Gov. M. Jodi Rell today said she is drafting a legislative plan to distribute $25 million in federal funds to help communities around the state deal with the foreclosure crisis.
The state plans to distribute much of the funds from the federal Housing and Economic Recovery Act of 2008 to the largest municipalities – Hartford, New Haven, Waterbury, Bridgeport, Meriden and New Britain – while about $2.1 million is being made available to assist smaller communities, including many hard-hit towns in eastern Connecticut.
Rell has also asked that rules for the federal Small Cities Community Development Block Grant Program be modified for the next two federal fiscal years so that additional funding can be diverted to smaller communities needing to cope with foreclosures.
“Connecticut has so far been relatively fortunate – we have not seen the disastrous decline in real estate prices the communities in places like New York and California have faced,” Rell said. “But we will take no chances.”

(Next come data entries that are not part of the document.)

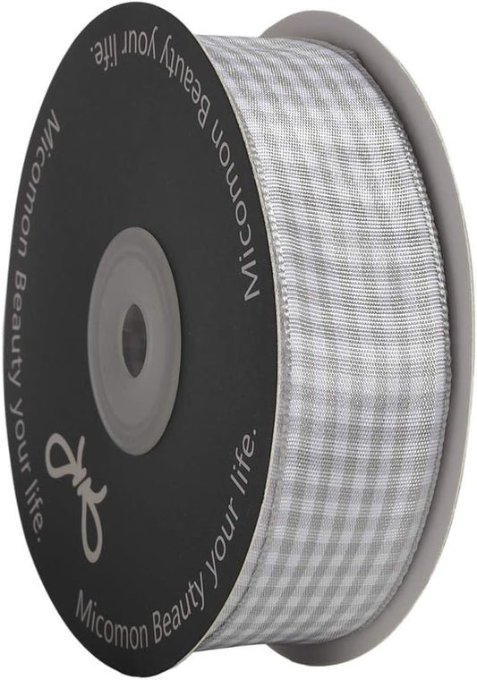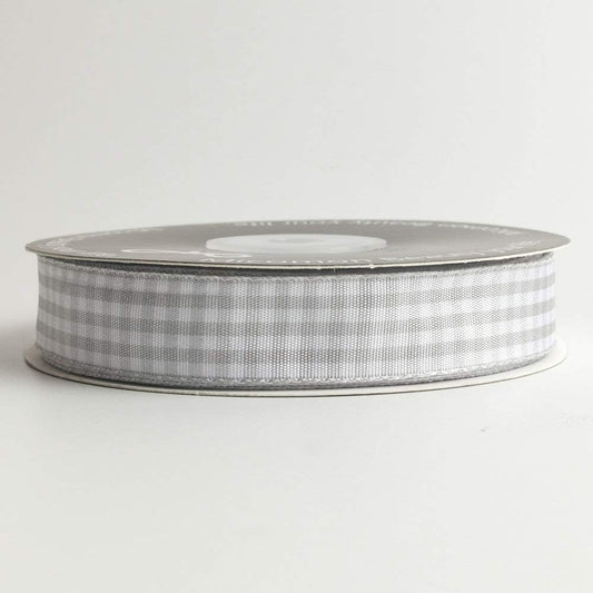 Gingham Ribbon - Gray and White, 25 Yards Each Roll, 100% Polyester (5/8")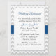 O convite do janto de ensaio de casamento Na moda moderno, feito em uma cinza pálida e um padrão de ziguezague branco. Uma banda azul federal, no meio, tem um texto branco personalizado, na frente do convite. Uma área de texto branca, na parte de trás do convite, tem texto personalizado preto e azul. Personalize todo o texto para atender às suas necessidades de evento. O convite adorável que o casal terá, com todas as lembranças do casamento.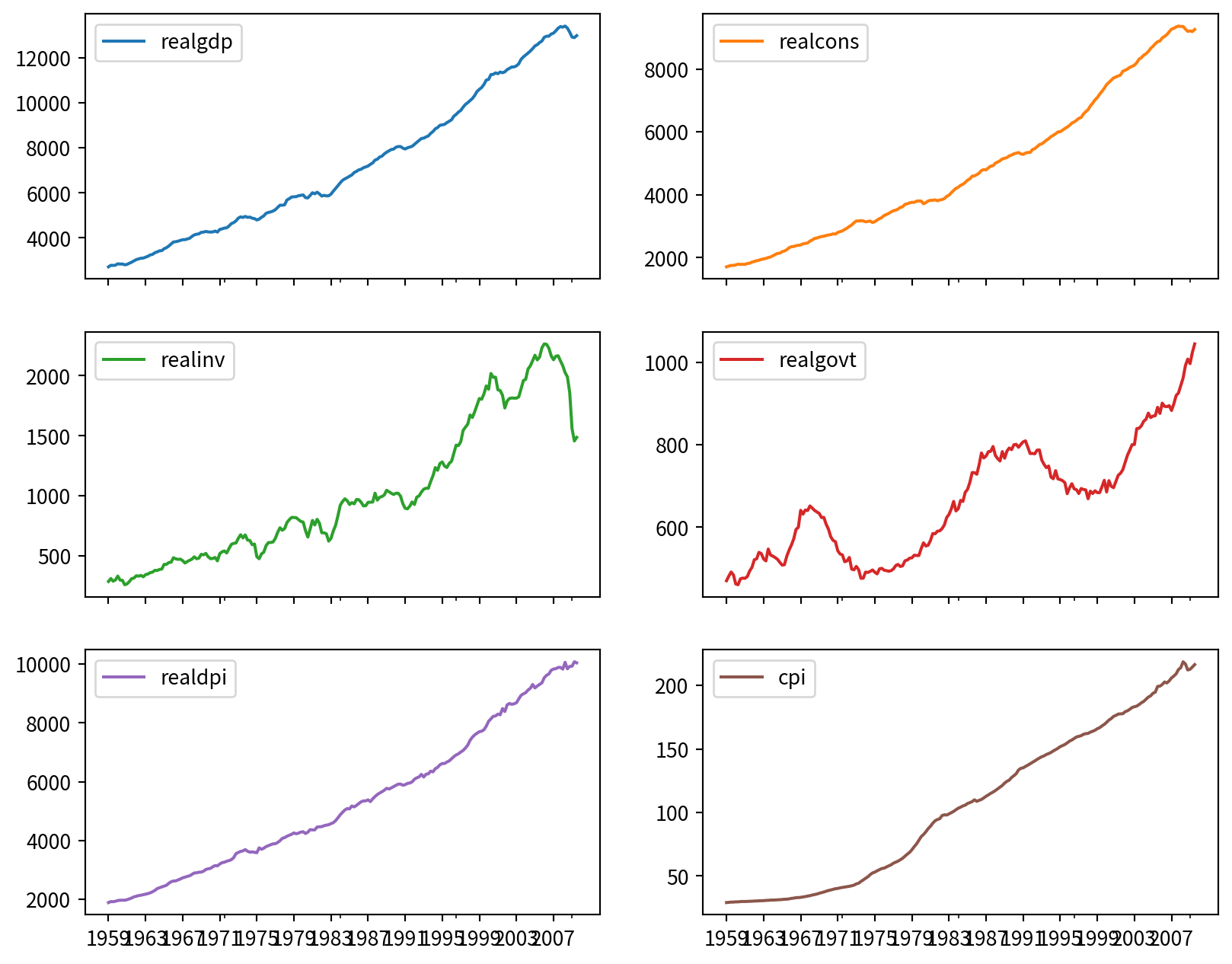 target = macro_econ_data[['realgdp', 'realcons', 'realinv', 'realgovt', 'realdpi', 'cpi']]

Rell’s proposal includes a six-month moratorium on all foreclosures – during which homeowners would be required to continue paying interest and taxes – and a mandatory, 60-day mediation period on all contested foreclosures, according to a statement issued today from her office. Under current law, mediation is optional.
As a safeguard for renters, owners of properties with five or fewer rental units will be required to notify tenants within seven days of receiving a notice of foreclosure or filing for protection from creditors under bankruptcy laws.